◆ Task requirements
From the first line of the material to the line containing "副市长覃志东在直播间里介绍到", inclusive, write out each line exactly, leaving out the pictures.

◆ Collected material
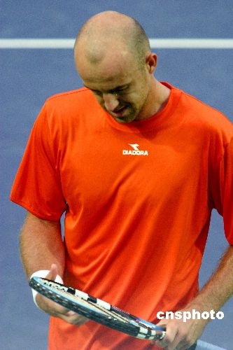2006年9月15日,中国网球公开赛遭“韩流”侵袭,在男单四分之一决赛中,中网头号种子柳比西奇被韩国老将李亨泰以二比零横扫出局,爆了开赛以来的最大冷门。中新社发 鲁谷 摄
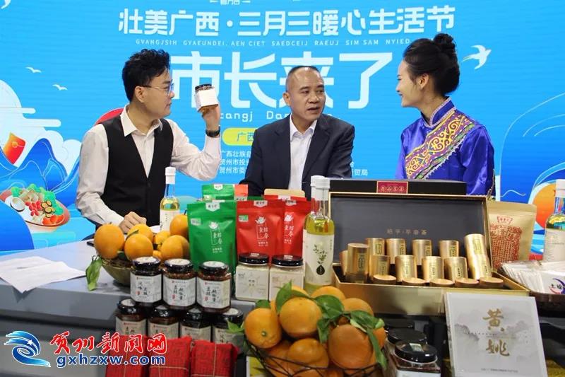 副市长覃志东在直播间里介绍到,贺州地处桂、粤、湘三省(区)结合部,属亚热带季风性湿润气候区,气候宜人、光热充足、雨量丰沛,土壤富含硒元素,是钟灵毓秀、物产富庶的果蔬之乡,素有“粤港澳后花园”、“粤港澳菜篮子、果篮子、肉篮子”之美誉,先后获得中国脐橙之乡、李子之乡、名茶之乡、马蹄之乡、世界长寿市等称号。
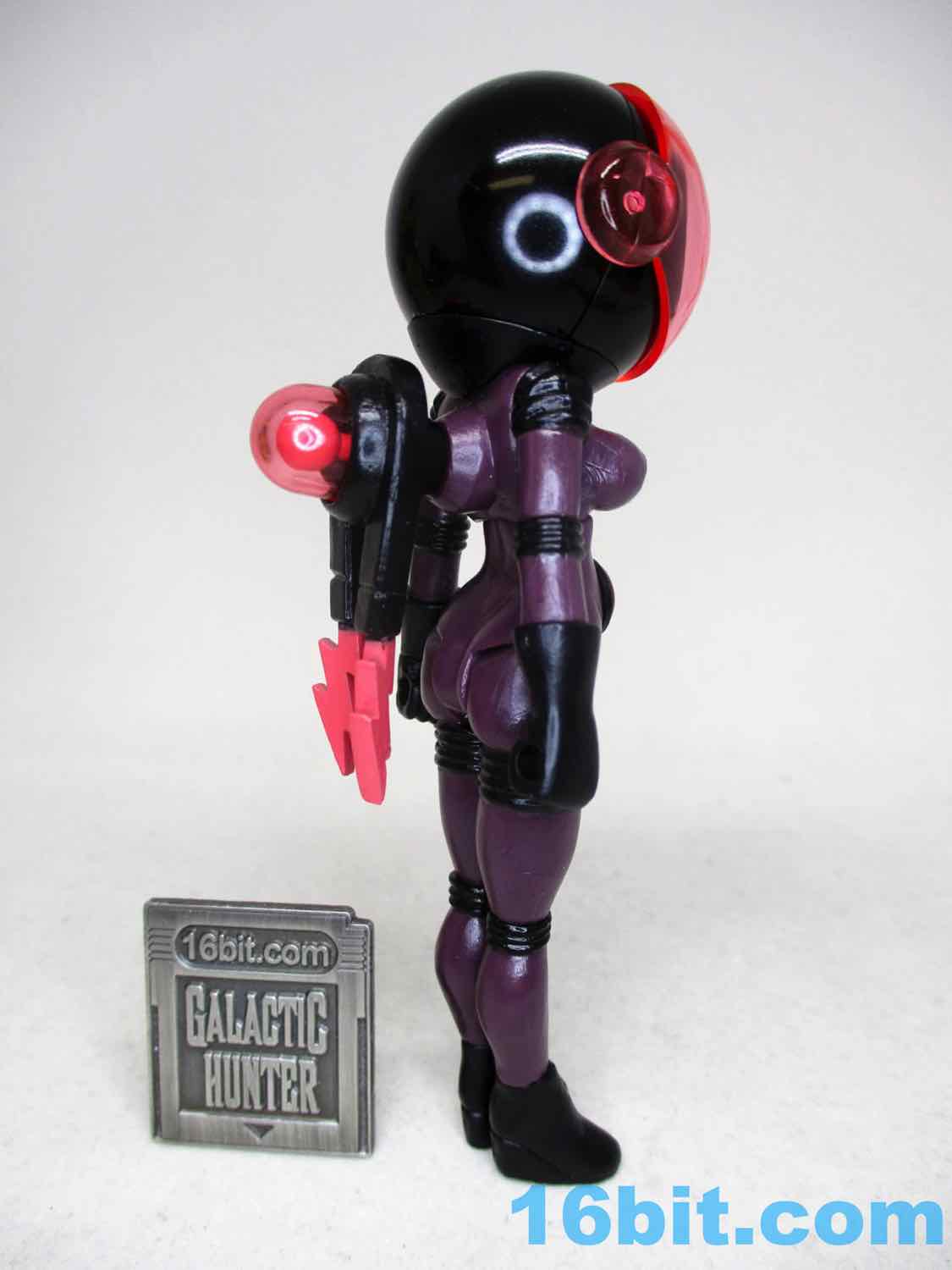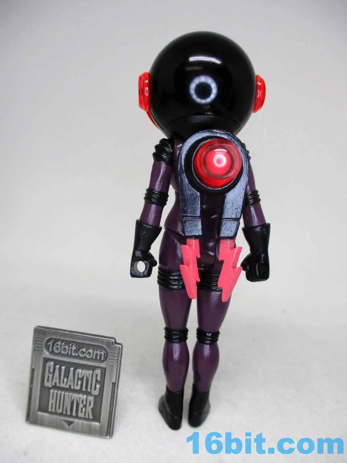 Molded in what seems to be almost a wine color, the figure has a black stripe down her body and black rings at her joints. You can barely see some of these details, but that's also what makes a figure like this fun - you can see things in person that you might not have noticed in the photos. Her hair and skin positively pop, as does the bolt pair bursting out of her backpack.

◆ Task solution
2006年9月15日,中国网球公开赛遭“韩流”侵袭,在男单四分之一决赛中,中网头号种子柳比西奇被韩国老将李亨泰以二比零横扫出局,爆了开赛以来的最大冷门。中新社发 鲁谷 摄
 副市长覃志东在直播间里介绍到,贺州地处桂、粤、湘三省(区)结合部,属亚热带季风性湿润气候区,气候宜人、光热充足、雨量丰沛,土壤富含硒元素,是钟灵毓秀、物产富庶的果蔬之乡,素有“粤港澳后花园”、“粤港澳菜篮子、果篮子、肉篮子”之美誉,先后获得中国脐橙之乡、李子之乡、名茶之乡、马蹄之乡、世界长寿市等称号。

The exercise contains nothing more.